The Storyteller's Secret: From TED Speakers to Business Legends, Why Some Ideas Catch On and Others Don't by Carmine Gallo

The Storyteller's Secret: From TED Speakers to Business Legends, Why Some Ideas Catch On and Others Don't by Carmine Gallo

Author:Carmine Gallo [Gallo, Carmine]
Language: eng
Format: epub, mobi, azw3
ISBN: 9781466882690
Publisher: St. Martin's Press
Published: 2016-02-23T07:00:00+00:00


22

“Dude’s Selling a Battery” and Still Inspires

The people who are crazy enough to think they can change the world, are the ones who do.

—Steve Jobs

While storytellers like Chris Hadfield dreamed of traveling to space, Elon wanted to build the spaceship to get them there. Story played an important role in Elon’s childhood in South Africa. “He seemed to have a book in his hands at all times,” wrote his biographer. When school let out at 2:00 p.m., he would go to the bookstore and stay until 6:00 p.m. The Lord of the Rings and The Hitchhiker’s Guide to the Galaxy were among his favorites.

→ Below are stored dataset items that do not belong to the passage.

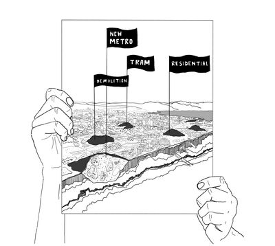 Planet earth is increasingly urbanized. Cities are perpetually expanding and the need for new infrastructures is urgent. Urbanization is inextricably linked with many environmental impacts such as loss of biodiversity, poor water quality, urban heat islands, CO2 emissions, air and noise pollution, devastation of the natural environment and problems of waste disposal. Urban sprawl is not damaging only the surface of the planet, but also the underground. Construction activities are also contributing to the devastation, extraction and movement of soil. The underground of earth is now an assemblage of networks, which can be described by the term groundscapes. The groundscape is an underside of the world, it is what we would see when diving if the ground was like the ocean and cities like vessels on its surface. Goal of the following project is to tackle the environmental problems caused by the perpetual urbanization and construction processes, the endeavor for a sustainable transition, the residual spaces generated by the alteration of the forms of mobility and the management of the underground soil that is going to be moved.
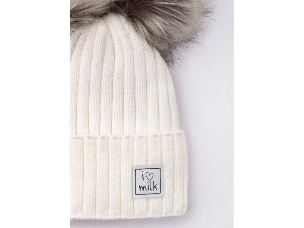 Zimná čiapka I LOVE MILK s brmbolcami - biela
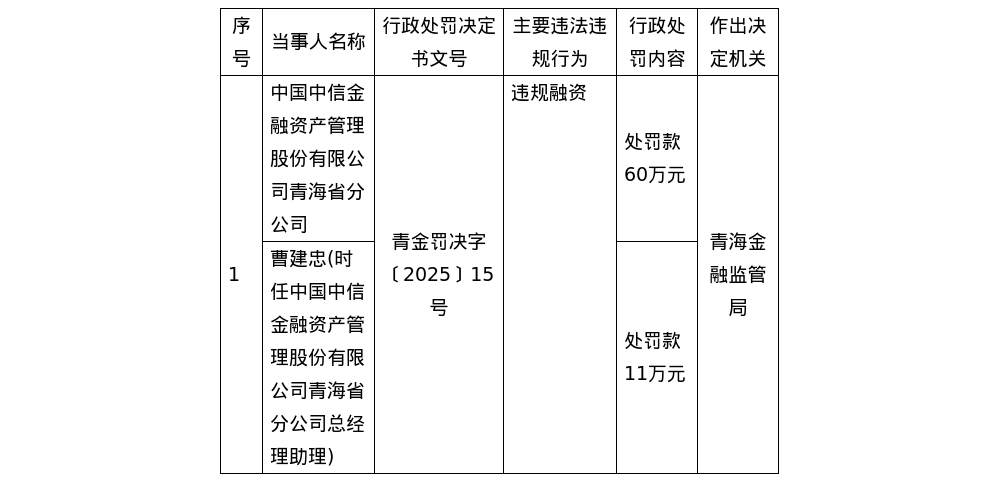 12月12日讯 国家金融监督管理总局青海监管局发布了一张罚单,剑指中国中信金融资产管理股份有限公司青海省分公司及其相关责任人。
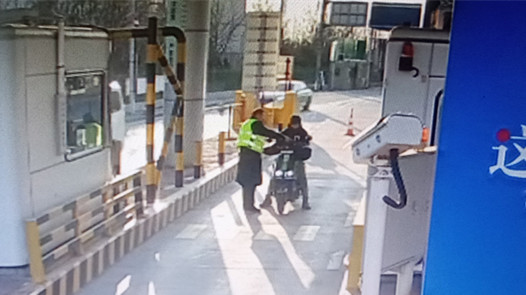12月11日16时左右,香河收费站入口处,当班收费班长正像往常一样巡查,远远就看到一辆电动车晃晃悠悠地朝着高速主线驶来,他立刻快步上前,挥手示意驾驶人靠边停车。

Young Elon loved reading stories and hearing them. He remembers listening, transfixed, to the stories of his grandfather, Joshua Haldeman, who had “a lust for adventure.” Haldeman would pack his family into a single-engine airplane and travel from their home in Pretoria, South Africa, on trips that would traverse 22,000 miles across Europe. “My grandmother told these tales of how they almost died several times along their journeys,”1 Elon recalls.

Today Tesla and SpaceX CEO Elon Musk believes those stories of his grandfather’s exploits help to explain his insatiable desire for excitement, adventure, and his “unusual tolerance for risk.” Musk is one the most influential innovators of our time, pioneering advances in electric cars, space travel, and sustainable energy.

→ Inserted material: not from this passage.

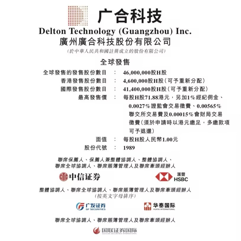 Guangzhou Delton Technology Co., Ltd. (DELTON TECHNOLOGY (GUANGZHOU) INC., stock code: 1989) has launched its Hong Kong IPO. The subscription period is from March 12 to March 17, 2026, with a global offering of 46,000,000 H shares. The offer price is not more than HKD 71.88 per share, with 100 shares per board lot, implying an estimated minimum investment of approximately HKD 7,260.49. The shares are expected to be listed on the Main Board of the Hong Kong Stock Exchange on March 20, 2026. CITIC Securities (Hong Kong) Limited and HSBC Corporate Finance (Hong Kong) Limited are the joint sponsors of the IPO.

On April 30, 2015, Musk introduced the Tesla Powerwall, a home battery that captures and stores sunlight from solar panels and converts it to energy. Although it’s designed for the average consumer, the technology that makes it work is highly complex. According to the website, “The Tesla Powerwall is a wall mounted, rechargeable lithium ion battery with liquid thermal control. It delivers a 5.8 amp nominal current and 8.6 amps at peak output. Powerwall is available in 10kWh, optimized for backup applications or 7kWh optimized for daily use applications.”2 And that’s the easy material. The technical specs are understandable only to the most advanced scientists and physicists.

Elon Musk is one of the smartest inventors on the planet, but when he explains technology to consumers he uses language even a sixth-grader can read.

The Storyteller’s Tools

Peter Kincaid codeveloped the Flesch-Kincaid readability test in 1975 for the U.S. Navy. The U.S. Defense Department began using it to assess the reading difficulty of training manuals. Today educators rely on the score to gauge the appropriate reading level for books used in the classroom. The Flesch-Kincaid grade level test measures word length, sentence length, and other factors to assign a grade level—the number of years of education generally required for a person to understand a specific text. For example, articles in the Harvard Business Review return a grade level of 17 or higher. Articles in the New York Times are written for ninth grade or higher, while, according to the tool, “Text to be read by the general public should aim for a grade level of around 8.”

Let’s take a closer look at the key phrases in Elon Musk’s Powerwall presentation. Musk understands story and he knows that all great stories, as we’ve discussed, have a hero and a villain.